YOUR ASSIGNMENT:
Only the pictures are to be left out; write out the rest of the data exactly.

DATA PROVIDED:
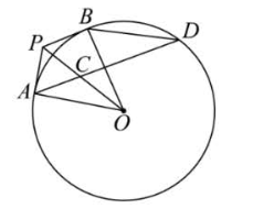 如图,过点 $P$ 作 $\odot O$ 的两条切线,切点分别为 $A, B$ ,连接 $O A, O B, O P$ ,取 $O P$ 的中点 $C$ ,连接 $A C$ 并延长,交 $\odot O$ 于点 $D$ ,连接 $B D$ .
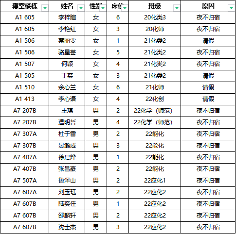 (4)若有学生检查期间未及时返回宿舍,于次日8点到16点之间由本人或委托人至年级辅导员处进行情况说明,逾期将对相关同学进行通报;
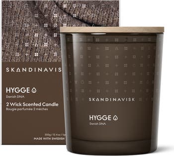 Black tea and mint leaves, dried apples and a dusting of baked cinnamon. Special edition 2 wick scented candle in seasonal design and hard gift box. Wax sourced from Swedish rapeseed oil that is sustainably farmed and non-GMO, and blended to burn stably and slowly with the lowest environmental impact. Vegan and cruelty free blend. Poured into a painted glass votive with 2 pure cotton wicks and engraved FSC-certified beechwood lid. Packaging box and sleeve from managed Nordic forests with natural colour dyes. 350 g, up to 50 hours of burn time. Reuse with tealights or for storage. HYGGE - Danish for ‘cosiness’ A word with no direct translation but with infinite meaning, and a reflection of the Scandinavian art of creating intimacy, fellowship and cosiness in the smallest everyday moments.

YOUR RESPONSE:
 如图,过点 $P$ 作 $\odot O$ 的两条切线,切点分别为 $A, B$ ,连接 $O A, O B, O P$ ,取 $O P$ 的中点 $C$ ,连接 $A C$ 并延长,交 $\odot O$ 于点 $D$ ,连接 $B D$ .
 (4)若有学生检查期间未及时返回宿舍,于次日8点到16点之间由本人或委托人至年级辅导员处进行情况说明,逾期将对相关同学进行通报;
 Black tea and mint leaves, dried apples and a dusting of baked cinnamon. Special edition 2 wick scented candle in seasonal design and hard gift box. Wax sourced from Swedish rapeseed oil that is sustainably farmed and non-GMO, and blended to burn stably and slowly with the lowest environmental impact. Vegan and cruelty free blend. Poured into a painted glass votive with 2 pure cotton wicks and engraved FSC-certified beechwood lid. Packaging box and sleeve from managed Nordic forests with natural colour dyes. 350 g, up to 50 hours of burn time. Reuse with tealights or for storage. HYGGE - Danish for ‘cosiness’ A word with no direct translation but with infinite meaning, and a reflection of the Scandinavian art of creating intimacy, fellowship and cosiness in the smallest everyday moments.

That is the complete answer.